Return exactly the lines of the records below, starting at the line that contains "Fully Furnished, 1" and ending at the line that contains "Regarding barriers to", with both of those lines kept.

##### RECORDS TO USE

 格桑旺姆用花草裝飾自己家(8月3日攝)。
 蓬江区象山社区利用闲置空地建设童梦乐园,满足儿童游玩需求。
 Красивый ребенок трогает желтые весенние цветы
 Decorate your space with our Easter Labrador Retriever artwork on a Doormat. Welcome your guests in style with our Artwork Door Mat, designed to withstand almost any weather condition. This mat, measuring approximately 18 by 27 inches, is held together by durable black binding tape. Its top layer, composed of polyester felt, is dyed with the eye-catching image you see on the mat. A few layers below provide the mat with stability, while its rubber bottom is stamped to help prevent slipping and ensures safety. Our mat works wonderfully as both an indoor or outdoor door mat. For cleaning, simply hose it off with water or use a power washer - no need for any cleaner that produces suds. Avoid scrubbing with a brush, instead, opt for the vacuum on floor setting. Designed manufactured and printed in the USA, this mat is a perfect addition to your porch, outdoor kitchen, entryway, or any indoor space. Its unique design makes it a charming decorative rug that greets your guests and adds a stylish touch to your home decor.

##########
##### RECORDS TO USE

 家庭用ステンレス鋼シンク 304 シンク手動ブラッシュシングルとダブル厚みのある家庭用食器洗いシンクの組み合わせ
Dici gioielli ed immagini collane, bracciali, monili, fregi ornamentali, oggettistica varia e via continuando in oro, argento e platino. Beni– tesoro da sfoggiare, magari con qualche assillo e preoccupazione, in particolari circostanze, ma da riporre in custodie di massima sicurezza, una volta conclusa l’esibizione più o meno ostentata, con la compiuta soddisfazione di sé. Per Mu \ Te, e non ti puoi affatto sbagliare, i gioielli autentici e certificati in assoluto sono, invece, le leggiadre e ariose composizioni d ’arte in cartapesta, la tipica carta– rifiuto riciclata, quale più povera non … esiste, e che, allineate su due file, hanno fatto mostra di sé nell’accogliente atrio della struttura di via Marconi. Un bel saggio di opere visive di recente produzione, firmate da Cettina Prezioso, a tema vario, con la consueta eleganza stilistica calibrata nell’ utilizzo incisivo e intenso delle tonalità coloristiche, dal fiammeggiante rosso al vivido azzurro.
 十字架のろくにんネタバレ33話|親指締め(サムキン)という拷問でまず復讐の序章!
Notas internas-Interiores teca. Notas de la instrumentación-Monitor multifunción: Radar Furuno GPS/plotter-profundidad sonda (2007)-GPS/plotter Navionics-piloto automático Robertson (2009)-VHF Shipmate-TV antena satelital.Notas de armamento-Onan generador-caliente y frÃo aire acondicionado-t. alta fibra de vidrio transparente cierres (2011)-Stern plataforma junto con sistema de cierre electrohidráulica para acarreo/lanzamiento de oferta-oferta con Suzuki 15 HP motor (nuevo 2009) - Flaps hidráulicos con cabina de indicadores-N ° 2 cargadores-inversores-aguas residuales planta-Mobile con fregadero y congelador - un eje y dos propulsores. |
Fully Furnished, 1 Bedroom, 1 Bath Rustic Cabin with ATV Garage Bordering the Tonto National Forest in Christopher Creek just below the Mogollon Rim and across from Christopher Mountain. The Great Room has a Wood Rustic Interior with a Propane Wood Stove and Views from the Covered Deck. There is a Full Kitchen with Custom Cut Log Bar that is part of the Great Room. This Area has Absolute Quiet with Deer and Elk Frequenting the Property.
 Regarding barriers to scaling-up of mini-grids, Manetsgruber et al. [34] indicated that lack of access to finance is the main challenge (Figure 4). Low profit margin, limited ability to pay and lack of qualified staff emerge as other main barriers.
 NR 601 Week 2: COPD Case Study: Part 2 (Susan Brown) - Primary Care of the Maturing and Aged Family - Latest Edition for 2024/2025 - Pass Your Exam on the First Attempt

##########

#### SOLUTION FOR THIS PROBLEM
Fully Furnished, 1 Bedroom, 1 Bath Rustic Cabin with ATV Garage Bordering the Tonto National Forest in Christopher Creek just below the Mogollon Rim and across from Christopher Mountain. The Great Room has a Wood Rustic Interior with a Propane Wood Stove and Views from the Covered Deck. There is a Full Kitchen with Custom Cut Log Bar that is part of the Great Room. This Area has Absolute Quiet with Deer and Elk Frequenting the Property.
 Regarding barriers to scaling-up of mini-grids, Manetsgruber et al. [34] indicated that lack of access to finance is the main challenge (Figure 4). Low profit margin, limited ability to pay and lack of qualified staff emerge as other main barriers.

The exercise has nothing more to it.